Pleiades Content Methods
What we need to do to get content (especially legacy content) into Pleiades, and the tools we use to make that happen.
CAP Map-by-Map Directory Listings
Let's call the XHTML data "hDir", the XML data "xDir".
- Convert from MSWord to well-formed XHTML, minus MSWord tags, and put somewhere safe
- done 18 November 2008; it's on atlantides.org under /var/pleiades/batlas/dirs/xhtml/ (accomplished with code in dir2xml.py in BADataMunger; see README.txt)
- Convert from MSWord to some kind of relatively clean, semantic XML and put somewhere safe
- first stab 18 November 2008; on atlantides.org under /var/pleiades/batlas/dirs/xml/ (accomplished with code in dir2xml.py in BADataMunger; see README.txt)
- basically munged together batlasid xml with old-style frankenformat xml
CAP Bibliography Listings
As above, "hBib", "xBib".
- Extract from directory XHTML (see above) and convert to XHTML term lists instead of just paragraphs
- Convert from XHTML term lists to MODS by parsing and matching, where possible, with the AWMC bibliographic database content, already in MODS
- Submit book records to Open Library
- Keep existing bibliographic service
- prep and upload tooling needs to be streamlined and made easier to use (BibIt, plus I think some BADataMunger dependencies)
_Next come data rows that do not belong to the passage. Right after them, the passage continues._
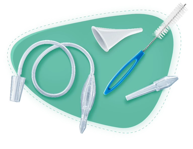 - Aspirator do usuwania katarem z rozkręcaną komorą i szczoteczkę.
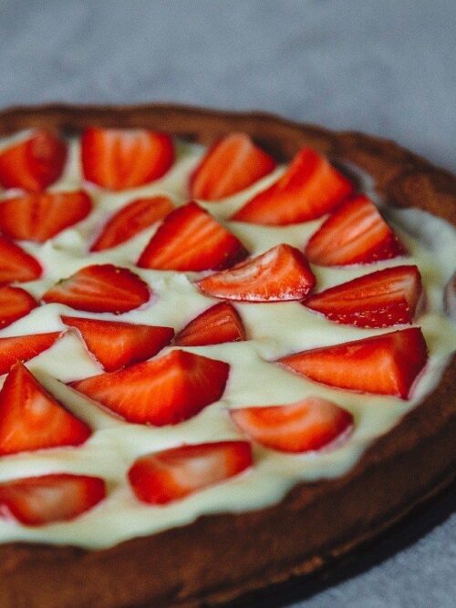 Ingredienti 350 gr di pasta frolla già pronta 500 gr di fragole mature 300 ml di panna da montare 1 cucchiaio di Maraschino 1 cucchiaio di zucchero a velo Preparazione La fe
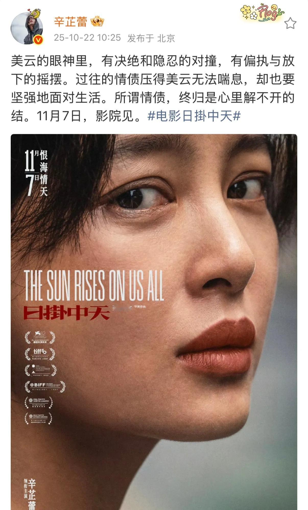 辛芷蕾发完你的发你的,姐姐好忙啊! 2025年10月末,辛芷蕾开启“工作连环炸”模式:11月撞刊《ELLE》《嘉人》《V中文版》三大顶刊,《嘉人》复古造型获赞时尚表现力突破;官宣两部一番剧,威尼斯获奖作《日掛中天》定档11月7日,新剧《金色》未播先火,还新增两个高端商务,事业粉好骄傲! 金色九月凭借《日掛中天》中曾美云一角的绝佳演技,辛芷蕾获得第82届威尼斯最佳女演员奖项。十月第18届亚太电影大奖最佳表演奖的提名又紧随而至,接连获得国际顶级电影节的青睐,这把全票通过的演技含.金.量不言而喻。 两个月内连续收获佳绩,戏路稳、表演准,在释出的片段里已尽显超强演技。实力从来不需悬.念,只需等待又一个高.光时刻,太期待电影11月7日正式上映了。 辛芷蕾的眼神里真的充满了野心与力量,威尼斯影后只是她的一个开始,相信蕾子会一直星途坦荡的!
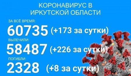 В Иркутской области, по данным на утро 25 марта, зарегистрировано 60735 официально подтверждённых случаев заболевания коронавирусом. За сутки выявили 173 новых случая, в том числе семь вахтовиков и 11 детей до 17 лет. Об этом сообщает региональный оперштаб.
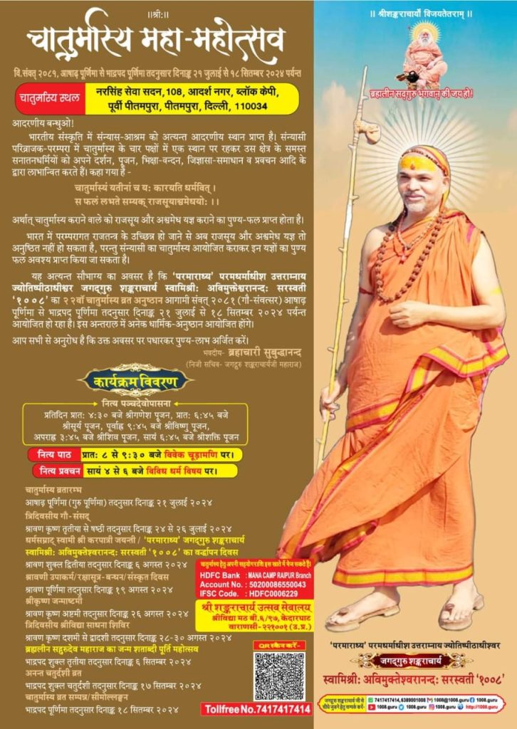वाराणसी परमाराध्य परमधर्मधर्माधीश ज्योतिष्पीठाधीश्वर जगदगुरु शंकराचार्य स्वामिश्री: अविमुक्तेश्वरानंद: सरस्वती 1008 जी महाराज का 22वां चातुर्मास्य व्रत महामहोत्सव इस बार आगामी संवत 2081गौ सम्वत्सर आषाढ़ पूर्णिमा से भाद्रपद पूर्णिमा तदनुसार दिनांक 21 जुलाई से 18 सितंबर तक दिल्ली में आयोजित होंगे।इस दौरान विभिन्न धर्मानुष्ठान सम्पन्न किए जाएंगे।इस सूचना से अवगत होने पर दिल्ली व आसपास के क्षेत्रों के भक्तों में हर्ष की लहर दौड़ पड़ी है।
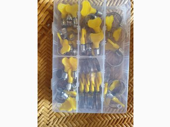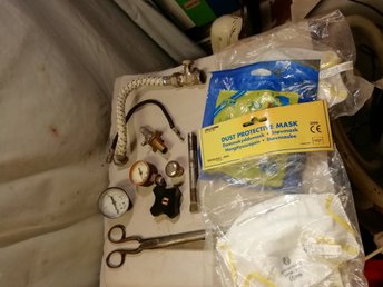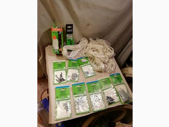 Diverse skruvar, brickor, lampa, kryssbits och lina
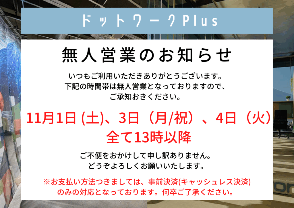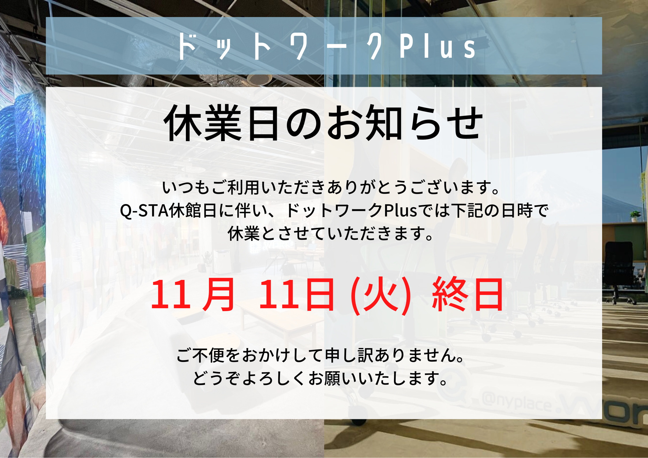 Q-STA休館日に伴い、ドットワークPlusでは下記の日時で休業とさせていただきます。
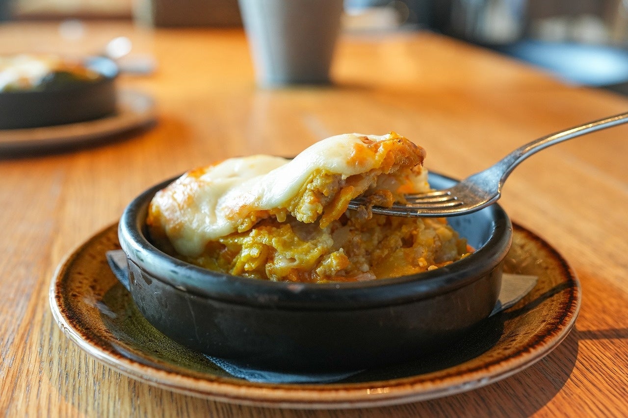 水牛モッツァレラチーズを堪能できる季節のラザニア。水牛モッツァレラチーズの風味を活かすため、ニンニクや玉ねぎは不使用。岩手県の有機かぼちゃ「南部一郎」と鶏のボロネーゼビアンコに、クリーミーなベシャメルソース、さらに水牛モッツァレラチーズをたっぷり使用しています。

- make Zotero interop better (lossless-ier) than current COinS support
- Current bibliographic data is in the pleiades-bibliography module
Matching CAP-list-extracted data with map-digitized data
- extract/retool the existing logic that's used to match digitized map data with the directory data so it can be cleanly packaged for use in a tool
- maybe subclass concordia.matchtool to do the job?
Fuzziness
Resolving ambiguity between map sheet features and map directory records is the community's work. Development should focus on indicating ambiguity and showing possibilities.
Example:
Map grid A1 has two unlabeled bridge features, the directory has 2 records for "unnamed bridges" in grid A1.